Stored records:
□ □ □
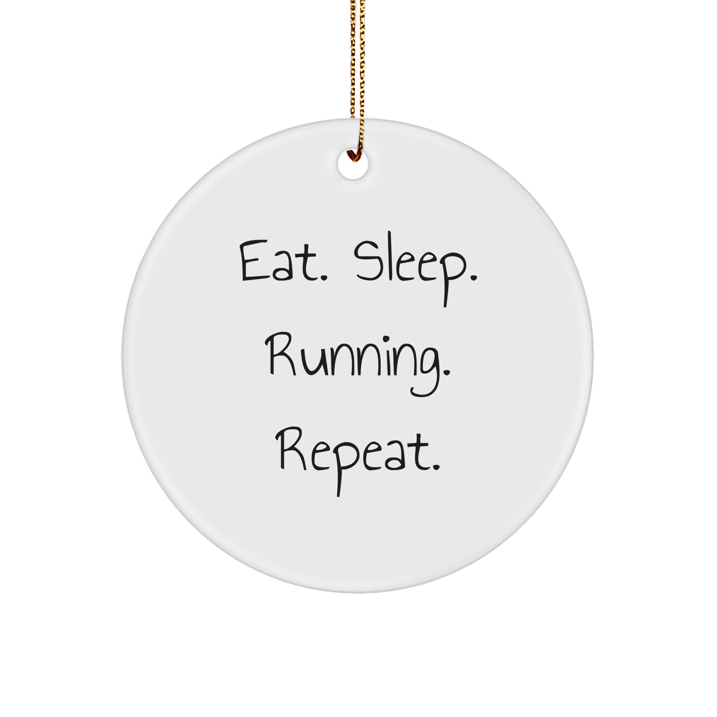 - A thoughtful gift for running friends, coworkers, or family members, encouraging them to keep on running with the quote 'Eat. Sleep. Running. Repeat.'
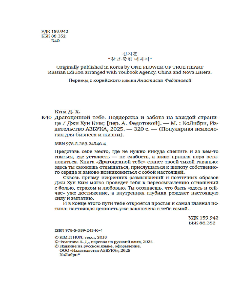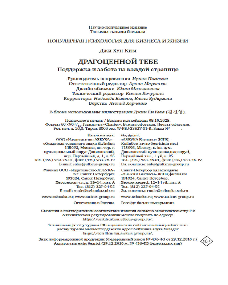 💳 Оплатить за товар можно при получении 🇰🇿 Есть бесплатная доставка по Казахстану 🎁 Копите бонусы с каждой покупки Серия: Популярная психология для бизнеса и жизни В мире, который постоянно диктует, какими мы «должны» быть, так легко забыть о своей уникальной ценности. «Драгоценной тебе» — корейская книга-бестселлер — твой личный тихий уголок поддержки, заботы и принятия. Вместо пустых слов утешения Ким Джихун предлагает пронзительные и искренние размышления, которые помогут иначе взглянуть на свою боль и переживания. |
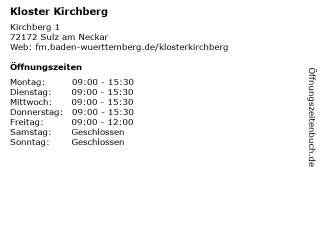 | Öffnungszeiten Kloster Kirchberg in Sulz am Neckar anzeigen | |
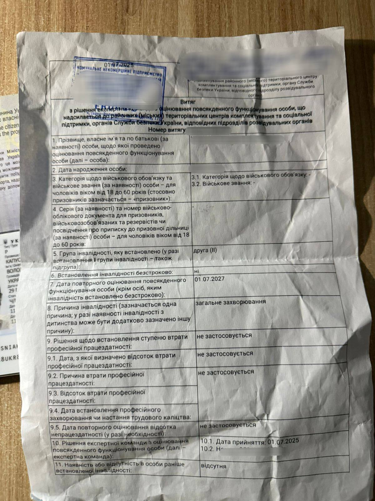 На момент одержання пенсійного посвідчення та під час зазначеного стаціонарного лікування він перебував за межами України. Також виявлено ще кілька ознак недійсності посвідчення та інших документів.
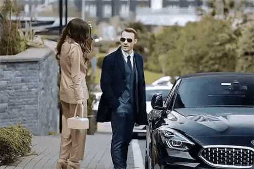 Hanker Edser by a luxury car, man opens door.
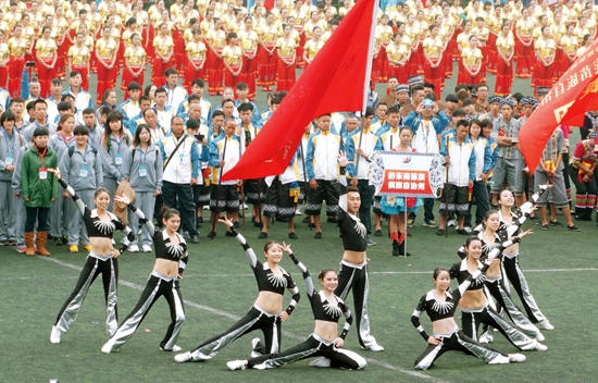 开幕式上,我校代表团在我省高校中首个入场。在主持人对我校代表团简介完毕。《潇洒小姐》舞曲响起,我校健美操队为在场领导和来自不同区域的健身操队员表演有氧舞蹈四级动作,队员们精神饱满、动作优美,获得在场嘉宾的阵阵掌声。据了解,我校健美操队为参加此次开幕式,训练了整整两个星期。
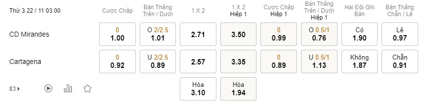 Thống kê cho thấy, Mirandes đối đầu Cartagena luôn mang tới những trận đấu có nhịp độ cao và vô cùng phóng khoáng. Theo đó, có tới 4/5 lần gần nhất 2 đội đối đầu nhau, NHM đã được chứng kiến ít nhất 3 bàn thắng xuất hiện mỗi 90 phút. Đó là lý do một số trang truc tiep bong da hd nhận định tỉ lệ nổ Tài sẽ là khá cao trong trận đấu này.
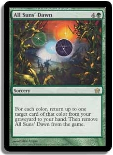 For each color, return up to one target card of that color from your graveyard to your hand. Then remove All Suns' Dawn from the game.
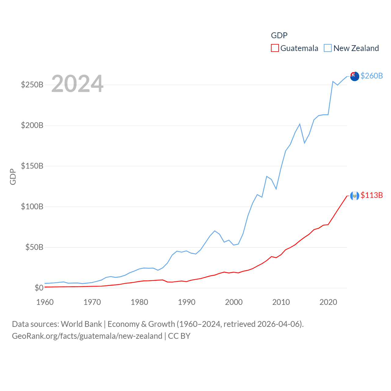By GDP, Guatemala ranks 68/197 ($113B) and New Zealand ranks 52/197 ($260B). By GDP per capita, Guatemala ranks 112/197 ($6,150), while New Zealand ranks 26/197 ($49,205).
□ □ □
All entries should be restated word for word; no images belong in the copy.

Response to the exercise:
 - A thoughtful gift for running friends, coworkers, or family members, encouraging them to keep on running with the quote 'Eat. Sleep. Running. Repeat.'
 💳 Оплатить за товар можно при получении 🇰🇿 Есть бесплатная доставка по Казахстану 🎁 Копите бонусы с каждой покупки Серия: Популярная психология для бизнеса и жизни В мире, который постоянно диктует, какими мы «должны» быть, так легко забыть о своей уникальной ценности. «Драгоценной тебе» — корейская книга-бестселлер — твой личный тихий уголок поддержки, заботы и принятия. Вместо пустых слов утешения Ким Джихун предлагает пронзительные и искренние размышления, которые помогут иначе взглянуть на свою боль и переживания. |
 | Öffnungszeiten Kloster Kirchberg in Sulz am Neckar anzeigen | |
 На момент одержання пенсійного посвідчення та під час зазначеного стаціонарного лікування він перебував за межами України. Також виявлено ще кілька ознак недійсності посвідчення та інших документів.
 Hanker Edser by a luxury car, man opens door.
 开幕式上,我校代表团在我省高校中首个入场。在主持人对我校代表团简介完毕。《潇洒小姐》舞曲响起,我校健美操队为在场领导和来自不同区域的健身操队员表演有氧舞蹈四级动作,队员们精神饱满、动作优美,获得在场嘉宾的阵阵掌声。据了解,我校健美操队为参加此次开幕式,训练了整整两个星期。
 Thống kê cho thấy, Mirandes đối đầu Cartagena luôn mang tới những trận đấu có nhịp độ cao và vô cùng phóng khoáng. Theo đó, có tới 4/5 lần gần nhất 2 đội đối đầu nhau, NHM đã được chứng kiến ít nhất 3 bàn thắng xuất hiện mỗi 90 phút. Đó là lý do một số trang truc tiep bong da hd nhận định tỉ lệ nổ Tài sẽ là khá cao trong trận đấu này.
 For each color, return up to one target card of that color from your graveyard to your hand. Then remove All Suns' Dawn from the game.
By GDP, Guatemala ranks 68/197 ($113B) and New Zealand ranks 52/197 ($260B). By GDP per capita, Guatemala ranks 112/197 ($6,150), while New Zealand ranks 26/197 ($49,205).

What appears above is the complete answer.